Il Cloud e me

di M. Calamari - Leggere attentamente le avvertenze e il foglio illustrativo. Può avere effetti collaterali. Non somministrare ai regimi nemici di Internet
di M. Calamari - Leggere attentamente le avvertenze e il foglio illustrativo. Può avere effetti collaterali. Non somministrare ai regimi nemici di Internet

Nella precedente release di questa rubrica, Cassandra si è occupata di alcuni aspetti tecnici ed economici del Cloud Computing per le aziende: le conclusioni raggiunte consistevano in una serie di domande sull’impatto del cloud sulla Rete come la conosciamo oggi.

Per Cassandra ovviamente l’aspetto più interessante (diciamo così) del cloud è l’impatto sulla vita delle persone, particolarmente dal punto di vista della privacy, dei diritti digitali e del tecnocontrollo sociale.

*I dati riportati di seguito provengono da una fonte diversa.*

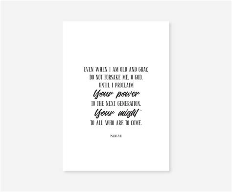 Alright, let’s take a look at the verse itself. Psalm 71:18 reads: “ So even to old age and gray hairs, O God, do not forsake me, until I proclaim your might to another generation, your power to all those to come. ” This is a prayer, a plea for God’s continued presence and support. The psalmist is expressing a deep-seated desire to continue praising God and sharing His glory, even as they grow older. It’s a poignant expression of faith and dependence on God’s unwavering faithfulness. The language is direct and heartfelt, reflecting the psalmist’s vulnerability and reliance on God’s grace. It’s a reminder that God’s love and care extend throughout all stages of life, from youth to old age. The use of “old age and gray hairs” is particularly significant, as it symbolizes the natural decline of physical strength and the approach of the final years of life. The plea “do not forsake me” is a powerful expression of trust and reliance on God’s constant presence. The psalmist understands that even as they age, they have a purpose: to proclaim God’s might and power to future generations. This verse encapsulates the essence of faith and the enduring nature of God’s covenant with His people. The emphasis on proclaiming God’s greatness to “another generation” underscores the importance of passing on faith and spiritual heritage to those who follow. It’s a testament to the belief that the experience of God’s faithfulness can be shared and passed down through generations. The verse is more than just a personal prayer; it’s an affirmation of God’s enduring presence and an encouragement to continue praising Him, no matter our circumstances.

Dal punto di vista della privacy il problema più importante, dato lo scambio di dati personali e potenzialmente sensibili con il fornitore di cloud, è se questo dati sono da lui conoscibili ed in caso positivo se sono utilizzati in qualche modo. Facciamo il caso più semplice di un fornitore di storage online, come Ubuntu One , o l’ormai defunto Ovi Storage di Nokia.

Il modo migliore per garantire la non conoscibilità dei dati è che questi siano crittografati prima di essere inviati allo storage online. L’operazione di crittografia deve essere eseguita dal client, e di questo dovrebbe essere data garanzia, sia contrattuale che tramite la fornitura del codice sorgente aperto del client stesso. Sarebbe concettualmente possibile anche far viaggiare i dati in chiaro dal client al server e lasciare invece al server il compito di crittografare prima di memorizzare i dati su disco, ma anche in questo caso servirebbero le stesse garanzie del caso precedente, sia tecniche che contrattuali.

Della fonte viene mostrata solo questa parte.